_WHAT THE EXERCISE ASKS_
Further down are entries; set down exactly and only the lines from the one with "Ambiente aconchegante e" up to and including the one with "絶妙なカラーのブルーグレーで", dropping each picture.

┌──

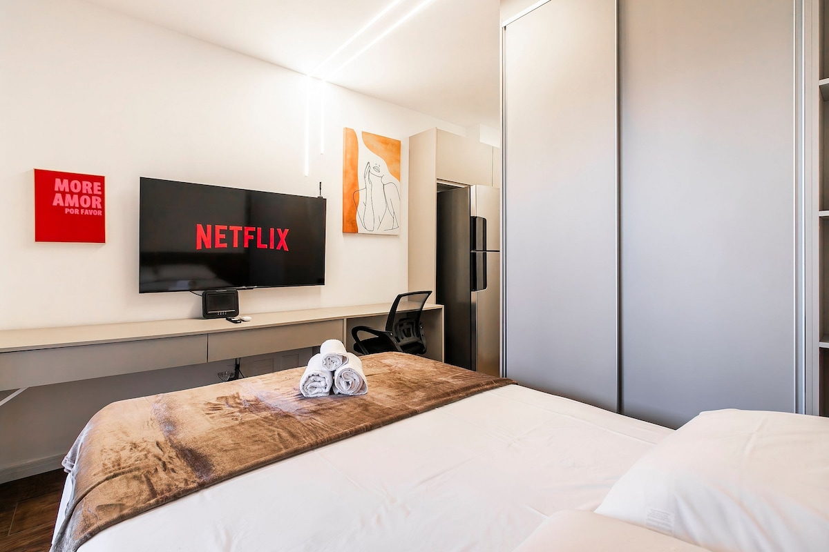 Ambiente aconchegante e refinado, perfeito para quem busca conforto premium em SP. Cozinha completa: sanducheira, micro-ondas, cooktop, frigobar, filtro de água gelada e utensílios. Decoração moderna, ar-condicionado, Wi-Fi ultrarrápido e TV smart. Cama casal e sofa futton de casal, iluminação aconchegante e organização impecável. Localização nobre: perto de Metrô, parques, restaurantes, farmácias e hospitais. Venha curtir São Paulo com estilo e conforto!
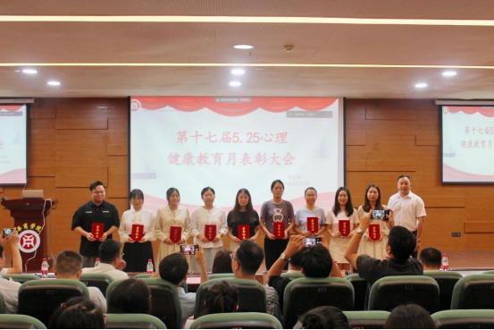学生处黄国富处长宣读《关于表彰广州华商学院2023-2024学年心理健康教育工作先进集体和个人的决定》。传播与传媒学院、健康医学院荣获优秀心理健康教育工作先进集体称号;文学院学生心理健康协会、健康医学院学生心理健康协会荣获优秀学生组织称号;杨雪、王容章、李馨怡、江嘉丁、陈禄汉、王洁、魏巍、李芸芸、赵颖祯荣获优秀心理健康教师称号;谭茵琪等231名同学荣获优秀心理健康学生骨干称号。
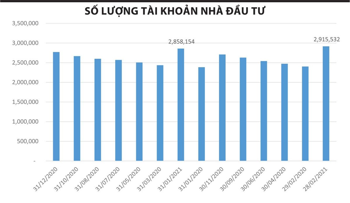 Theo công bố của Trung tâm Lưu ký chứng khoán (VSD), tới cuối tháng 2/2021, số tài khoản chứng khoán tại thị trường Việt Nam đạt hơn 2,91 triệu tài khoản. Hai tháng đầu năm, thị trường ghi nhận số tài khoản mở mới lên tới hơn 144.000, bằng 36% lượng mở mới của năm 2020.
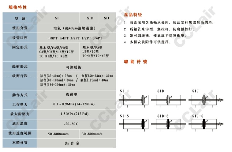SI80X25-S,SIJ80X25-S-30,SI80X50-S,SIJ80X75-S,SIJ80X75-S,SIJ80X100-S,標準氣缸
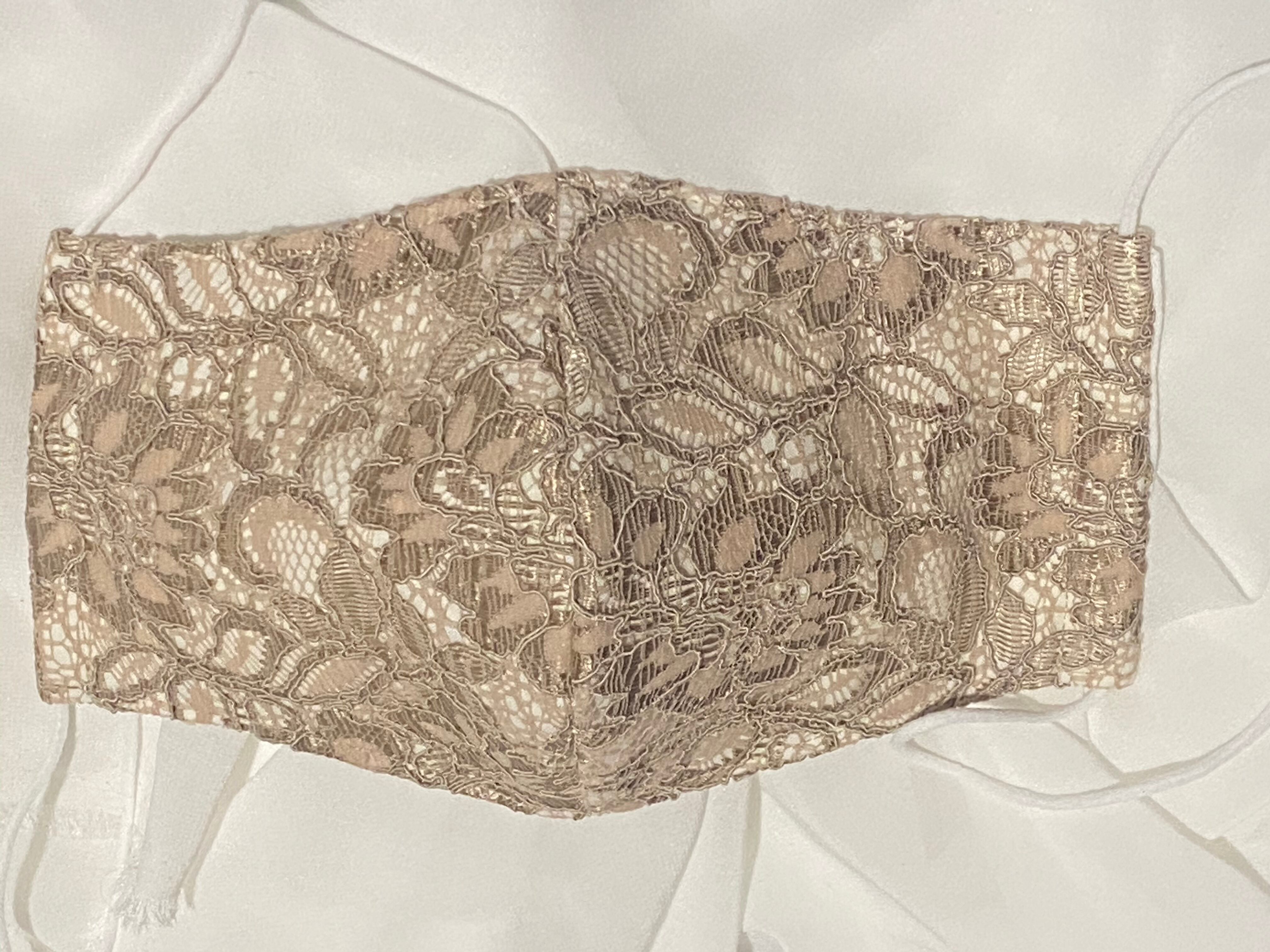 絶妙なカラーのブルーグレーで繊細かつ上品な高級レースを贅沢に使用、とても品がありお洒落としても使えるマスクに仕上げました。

└──
┌──

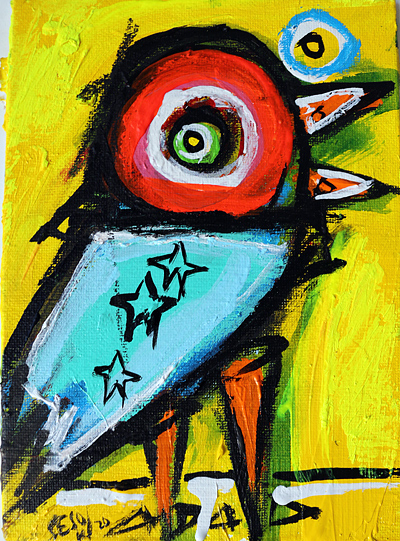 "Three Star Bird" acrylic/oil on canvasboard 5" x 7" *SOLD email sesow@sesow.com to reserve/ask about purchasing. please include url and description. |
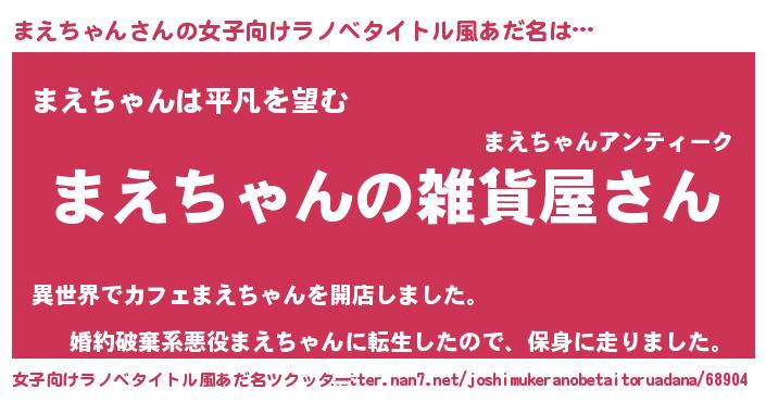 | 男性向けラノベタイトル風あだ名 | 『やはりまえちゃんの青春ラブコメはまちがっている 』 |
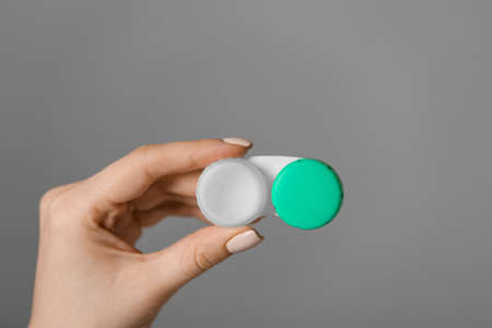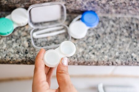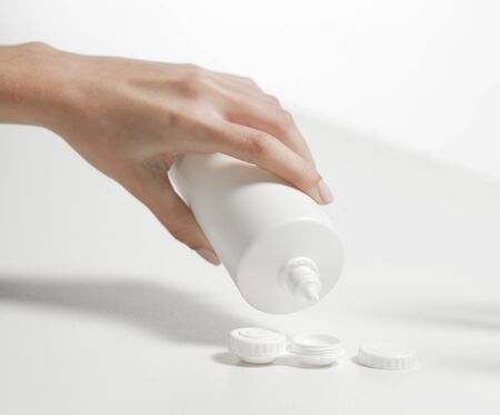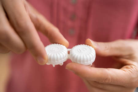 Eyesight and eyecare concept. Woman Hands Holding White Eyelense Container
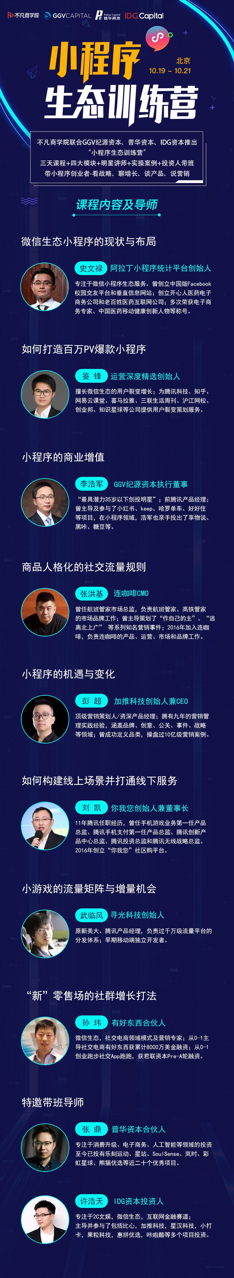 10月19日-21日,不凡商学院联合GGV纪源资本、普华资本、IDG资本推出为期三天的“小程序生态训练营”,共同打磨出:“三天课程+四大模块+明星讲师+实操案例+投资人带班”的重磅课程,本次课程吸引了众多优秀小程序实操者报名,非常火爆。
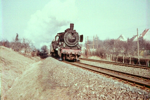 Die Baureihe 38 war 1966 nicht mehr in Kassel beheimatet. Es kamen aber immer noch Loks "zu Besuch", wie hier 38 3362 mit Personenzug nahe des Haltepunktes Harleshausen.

└──

_WRITTEN RESPONSE_
 Ambiente aconchegante e refinado, perfeito para quem busca conforto premium em SP. Cozinha completa: sanducheira, micro-ondas, cooktop, frigobar, filtro de água gelada e utensílios. Decoração moderna, ar-condicionado, Wi-Fi ultrarrápido e TV smart. Cama casal e sofa futton de casal, iluminação aconchegante e organização impecável. Localização nobre: perto de Metrô, parques, restaurantes, farmácias e hospitais. Venha curtir São Paulo com estilo e conforto!
学生处黄国富处长宣读《关于表彰广州华商学院2023-2024学年心理健康教育工作先进集体和个人的决定》。传播与传媒学院、健康医学院荣获优秀心理健康教育工作先进集体称号;文学院学生心理健康协会、健康医学院学生心理健康协会荣获优秀学生组织称号;杨雪、王容章、李馨怡、江嘉丁、陈禄汉、王洁、魏巍、李芸芸、赵颖祯荣获优秀心理健康教师称号;谭茵琪等231名同学荣获优秀心理健康学生骨干称号。
 Theo công bố của Trung tâm Lưu ký chứng khoán (VSD), tới cuối tháng 2/2021, số tài khoản chứng khoán tại thị trường Việt Nam đạt hơn 2,91 triệu tài khoản. Hai tháng đầu năm, thị trường ghi nhận số tài khoản mở mới lên tới hơn 144.000, bằng 36% lượng mở mới của năm 2020.
SI80X25-S,SIJ80X25-S-30,SI80X50-S,SIJ80X75-S,SIJ80X75-S,SIJ80X100-S,標準氣缸
 絶妙なカラーのブルーグレーで繊細かつ上品な高級レースを贅沢に使用、とても品がありお洒落としても使えるマスクに仕上げました。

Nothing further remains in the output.